Before GPTQ, the best alternatives to RTN came from the Optimal Brain Surgeon family of methods, which used second-order (Hessian-based) information to choose which weights to prune or quantize and how to compensate for the resulting errors. These methods were accurate but so computationally expensive that they had only been applied to models with a few hundred million parameters at most. GPTQ's core contribution was to make this class of methods fast enough to run on models with 175 billion parameters.
The paper "GPTQ: Accurate Post-Training Quantization for Generative Pre-trained Transformers" (Frantar et al., 2022) was submitted to arXiv on October 31, 2022, and accepted at ICLR 2023. The official implementation is maintained by IST DASLab at https://github.com/IST-DASLab/gptq.
The paper demonstrates that GPTQ can compress OPT-175B from 16-bit to 4-bit in approximately 4.2 GPU hours on a single NVIDIA A100, achieving a WikiText2 perplexity of 8.37 versus 8.34 for FP16, a gap of only 0.03. Round-to-nearest at the same bitwidth gives 10.54, a much larger 2.2-point degradation. At 3-bit, RTN on OPT-175B produces a perplexity above 7,000 (complete model collapse), while GPTQ holds at 8.68. These numbers were striking because no prior method had achieved anything close to this accuracy at 3-bit for a model of that scale.
For inference throughput, the paper reports a 3.25x generation speedup on an NVIDIA A100 and a 4.5x speedup on an A6000 when comparing GPTQ-compressed 3-bit models against FP16 baselines, primarily because less data needs to be transferred from GPU memory to compute units during the memory-bandwidth-bound autoregressive decoding phase.
GPTQ builds on Optimal Brain Quantization (OBQ), which itself descends from Optimal Brain Surgeon (OBS), a technique from the early 1990s for pruning neural networks by removing the weights that cause the least increase in output error. OBQ adapted this to quantization: rather than setting a weight to zero, it rounds the weight to a nearby quantized value, then adjusts remaining weights to compensate for the error introduced.
For a single linear layer with weight matrix W and inputs X, OBQ minimizes the layer-wise reconstruction error:
min_{W_hat} ||WX - W_hat X||_F^2
The update rule after quantizing a single weight uses the inverse of the layer's Hessian matrix H = 2XX^T. After quantizing weight w_q, the remaining weights are updated as:
delta W = -(w_q - quant(w_q)) / [H^{-1}]_{qq} * H^{-1}_{:,q}
This compensates for the quantization error by redistributing it across the remaining, not-yet-quantized weights. OBQ's approach produces excellent results but has a per-layer runtime of O(d_row * d_col^3), which is prohibitive for weight matrices with tens of thousands of rows and columns.
GPTQ introduces three algorithmic changes that collectively reduce the complexity to something tractable at billion-parameter scale.
Arbitrary order quantization. OBQ quantizes weights greedily, picking the weight that causes the least error at each step and using a different optimal order for every row of the matrix. Frantar et al. observe that for large matrices, quantizing all rows in the same column order yields essentially the same accuracy as per-row optimal ordering.

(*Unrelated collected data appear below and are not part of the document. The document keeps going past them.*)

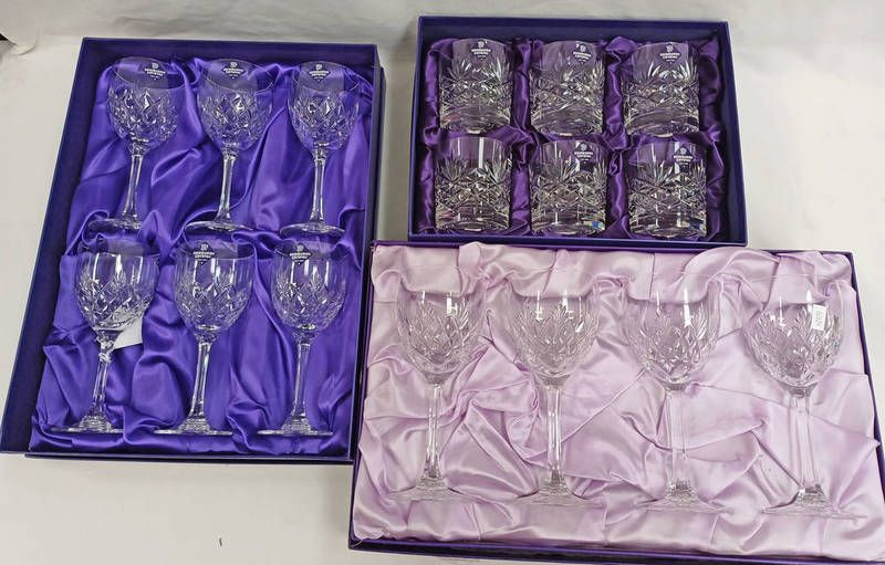 3 boxed sets of edinburgh crystal glasses
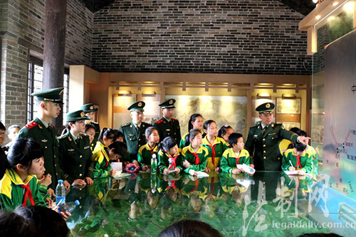 边检官兵为小学生讲解冯子材将军的英勇事迹
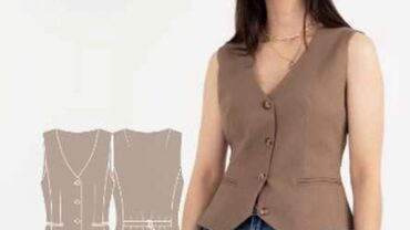 Выкройка жилета умеренного объема прилегающего силуэта. На полочках нагрудные вытачки переведены в рельефы и линию кармана. Карманы прорезные в рамку. На спинке плечевые вытачки и рельефы. В рельефах, на уровне талии два хлястика с застежкой на полукольца. По низу детали спинки фигурный вырез.
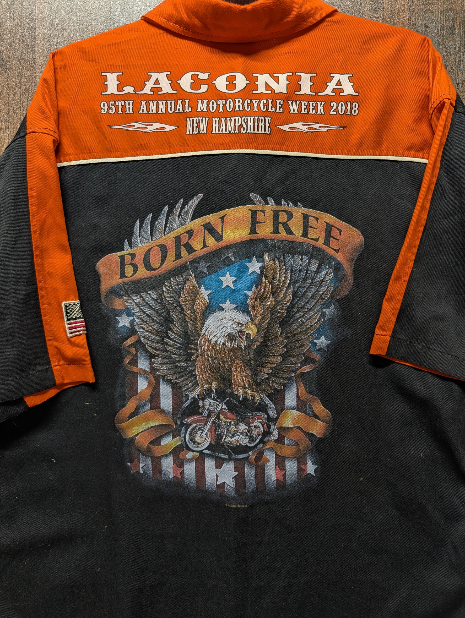 Description: 2018 Laconia Born Free Motorcycle Week Button Up Shirt, front and back graphic, orange and black, 95th annual event, New Hampshire, big Bald Eagle on the back, USA Flag patch on the sleeve, biker shirt, short sleeve, great for layering, Great for a Harley Davidson Lover
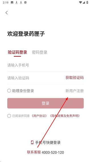 2、進(jìn)入登錄頁(yè)面后點(diǎn)擊新用戶注冊(cè)在注冊(cè)頁(yè)面,輸入姓名、手機(jī)號(hào),點(diǎn)擊“獲取驗(yàn)證碼”并填入短信驗(yàn)證碼,選擇所在地區(qū)和執(zhí)業(yè)機(jī)構(gòu)。

This is because the Hessian matrix H depends only on the layer's inputs X, not on the weights themselves, so the relative importance of columns is shared across rows. Fixing a single column order for all rows reduces the dominant cost from O(d_row * d_col^3) to O(max(d_row * d_col^2, d_col^3)), a substantial reduction.
Lazy batch updates. Even after the ordering simplification, repeatedly updating the full remaining-weight matrix after each column quantization causes too many GPU memory reads and writes. GPTQ instead processes weights in blocks of 128 columns at a time. Within a block, updates to weights outside the block are deferred; the external weights are updated in a single pass after the block is done. This batching keeps the working set in fast on-chip memory and reduces global memory bandwidth by roughly an order of magnitude.

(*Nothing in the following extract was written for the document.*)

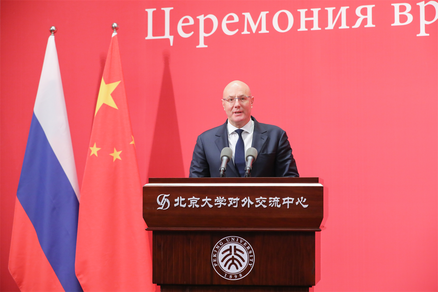 12月19日上午,俄罗斯联邦副总理切尔内申科到访bat365登录平台入口,北大校长龚旗煌院士会见来宾。切尔内申科与师生代表座谈,并为北大党委副书记、副校长宁琦教授颁授俄罗斯联邦“友谊勋章”。俄罗斯联邦外交部副部长鲁坚科、科教部副部长谢基林斯基陪同访问。党委常委、副校长张锦出席相关活动。

Cholesky decomposition for numerical stability. Inverting large Hessian matrices repeatedly causes numerical errors to accumulate. GPTQ precomputes the Cholesky decomposition of the Hessian inverse once per layer at the start of quantization. This makes subsequent updates numerically stable and avoids the matrix inversion errors that would otherwise cause accuracy problems, especially on models with tens of thousands of parameters per layer. A small dampening factor of 1% is added to the diagonal of H before decomposition to handle near-zero eigenvalues.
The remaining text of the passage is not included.